Claudia Sheinbaum, Humanist

I’m kvelling!

South of the border, in Mexico, a smart, educated, liberal woman of Jewish heritage has been elected president.  From the persona she presents, Claudia Sheinbaum cares about the environment, women’s rights, promoting peace, and strengthening education. And she calls herself a “humanist.”  In her words: “We are both transformers and humanists, we love our country and we want to continue building justice so that there is more peace and security.”  

Claudia’s Jewish identity has been called into question by some.  Admittedly, she does not emphasize Jewish practice in her life.  She is honest about her identity – she connects with Jewish history and culture but not religion. 

Her grandparents on her father’s side immigrated to Mexico from Lithuania in the 1920s to escape persecution and for greater opportunity.  They were Ashkenazi Jews. Her paternal grandfather was a leftist and politically involved.   Her grandparents on her mother’s side immigrated from Bulgaria in the early 1940s to escape the Holocaust.  They were Sephardic Jews.

In Mexico, the Sephardic and Ashkenazi Jews tended not to mix.  But both Claudia’s parents were intellectuals, scientists, and political activists.  They met at university.  Her mother, Annie Pardo, earned her doctorate in biology – a woman in the sciences as quite novel at the time. 

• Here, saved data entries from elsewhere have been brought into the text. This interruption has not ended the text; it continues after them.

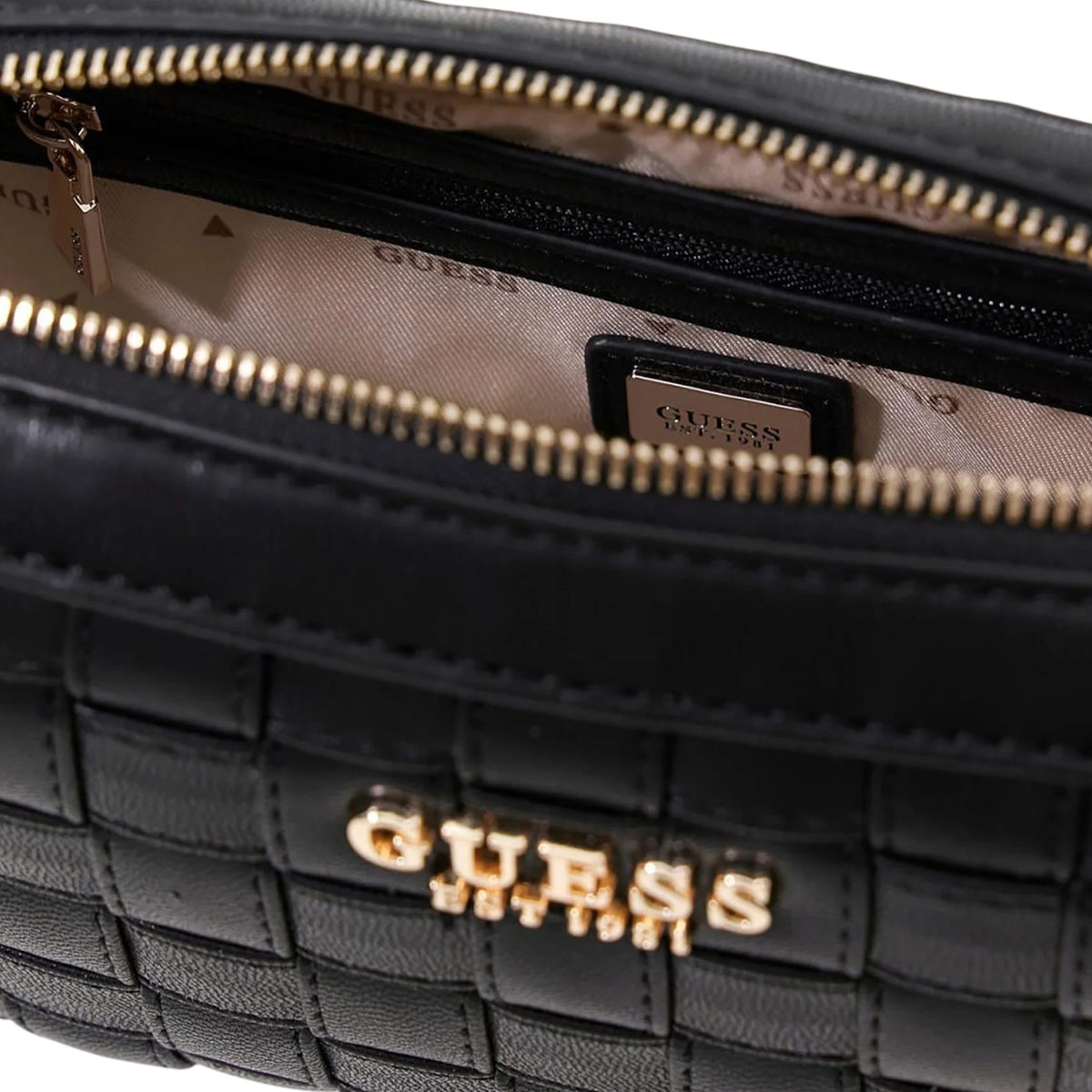 La Borsa a tracolla firmata Guess, realizzata in ecopelle qui proposta nella variante nera con un'accattivante texture intrecciata, presenta lussuosi dettagli color oro, tra cui l'iconico logo frontale e raffinati dettagli a catena che catturano la luce in modo impeccabile. La tracolla regolabile e removibile offre versatili opzioni di stile, mentre i piedini protettivi dorati proteggono la base della borsa. All'interno, scopri un'organizzazione intelligente con uno scomparto con cerniera e tre slot dedicati per carte, il tutto rifinito con pregiati dettagli dorati. Perfetta per la praticità di avere le mani libere senza rinunciare al fascino del design.
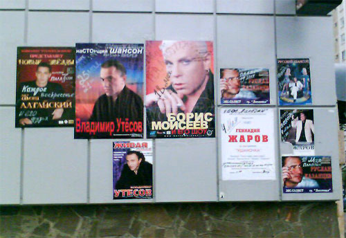 На стене здания, находящегося неподалеку, висят афиши местного клуба-казино. Там обычно собирается публика соответствующая, поэтому большой популярностью пользуется так называемый шансон, который на самом деле блатняк. Вот афиша.
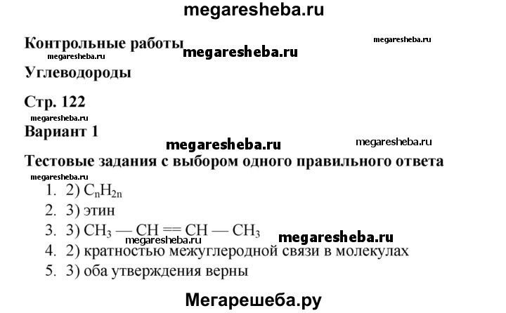 ГДЗ по химии 10 класс Габриелян проверочные и контрольные работы Базовый уровень страница - 122
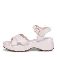 Минималистичные кожаные босоножки на изогнутой танкетке. Верх летних босоножек выполнен из искусственной кожи. Широкие ремешки с мягкой кожаной подкладкой надежно фиксируют обувь на ноге. Стелька изготовлена из натуральной кожи. Подошва из термопластичной резины обеспечивает оптимальную поддержку стоп. Модель отлично впишется в образы с платьями, брюками, воздушными юбками и шортами.
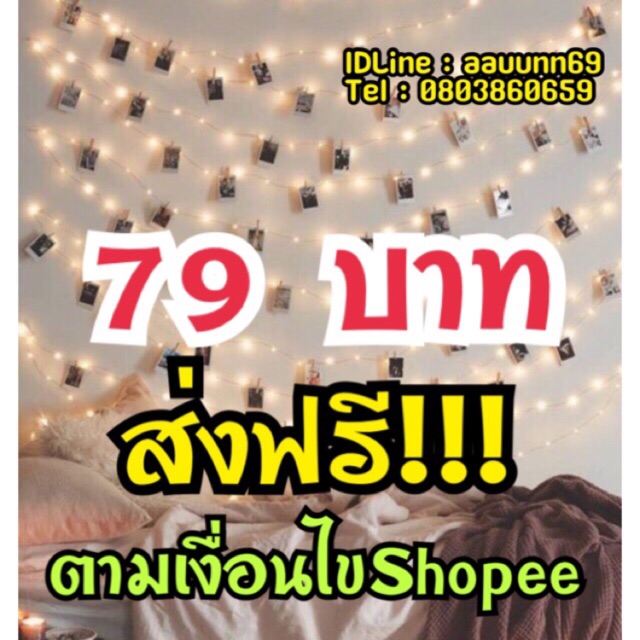 ส่งเคอรี่ (เก็บเงินปลายทาง) เมื่อยอดสั่งซื้อขั้นต่ำ 250 บาท หากไม่ถึงยอด ร้านค้าขอยกเลิกออเดอร์โดยไม่แจ้งนะคะ ถูกที่สุดในแอฟ พร้อมส่งมากค่ะ สิ้นค้ามี มอก. หัวปลั๊กอย่างหนา เสียบกับเต้าไฟบ้านเท่านั้น หากเสียบกับปลั๊กพ่วง ไฟอาจจะไม่สม่ำเสมอค่ะ ไฟ 100 ดวง 8 เมตร เส้นละ 79บาท ที่หนีบไม้ 30 ตัว 50 บาท สั่ง 5 เส้น แบบ ems กดเพิ่มค่าส่ง +20 นะคะ 1 เส้น ปรับระดับได้ทั้งกระพริบ และ ไม่กระพริบ ไฟหยดน้ำ 1 เส้น จะมี 100 ดวง มีความยาว 8 เมตร สามารถต่อให้ยาวได้ กันน้ำได้ยกเว้นเฉพาะตัวปลั๊กไฟ มีหลากหลายสีสันให้เลือกอาทิเช่น สีขาว เขียว แดง น้ำเงิน สลับสี สีวอมไวท์ และสีชมพู ใช้ปประดับตามงานเลี้ยง ต้นไม้ ต้นคริสมาส ศาลพระภูมิ ตกแต่งสวนงานปีใหม่ งานคริสมาสและเทศกาลต่างๆไฟประดับ หน้าร้านขายของ ตามระเบียงร้านค้าต่างๆ [ คุณสมบัติ ] กันน้ำได้ยกเว้นเฉพาะตัวปลั๊กไฟ กดเปลี่ยนจังหวะไฟกระพริบได้ ช้า เร็ว หรือให้สว่างตลอด ใช้งานง่าย ประหยัดไฟและทนทานคุ้มค่า 1 เส้นจะมี 100 ดวง 1 เส้นจะมีความยาว 8 เมตร มีหลากหลายสีสันให้เลือก มีสีขาว เขียว แดง น้ำเงิน เหลือง สลับสี สีวอมไวท์ และสีชมพู ประดับกลางเเจ้งได้ ประดับในร่ม ในอาคาร สำนักงานได้ ปลั๊กสามารถเสียบพ่วงต่อกันได้มีที่นี่ที่เดียว มี มอก. [ คุณสมบัติจำเพาะ ] -แรงดันไฟ 220V -ความยาว 8.5 M - ระยะระหว่างหลอด +/-9cm - วัสดุ พลาสติกใส ราคาส่งเริ่มที่ 50 เส้นนะคะ ทักแชทค่ะ

Both Claudia’s parents were nvolved in the 1968 student protests in Mexico and politics was the regular meal-time conversation in the Pardo-Sheinbaum home.  A number of Claudia’s parents’ friends were jailed for being political activists.  On Sundays, Claudia and her parents would bring food to the jail for there friends and meet with them.  

Claudia’s parents moved from the Jewish immigrant neighborhoods of Mexico City; Claudia instead grew up in a neighborhood by the university full of professors and students.  Claudia’s parents were secular and did not celebrate Judaism at home, but the family spent every Jewish holiday at Claudia’s grandparents’ home. 

Many commentators have said that Claudia wasn’t raised Jewishly because the family was not ritually observant or involved in synagogue life.  But Claudia’s parents and she were inspired by the history and commitment to social justice that runs through Jewish history and the Jewish community.  Like many members of Beth Chai, Claudia represents the intellectualism, community-mindedness, political activism of the modern Jewish community.  So, let’s kvell.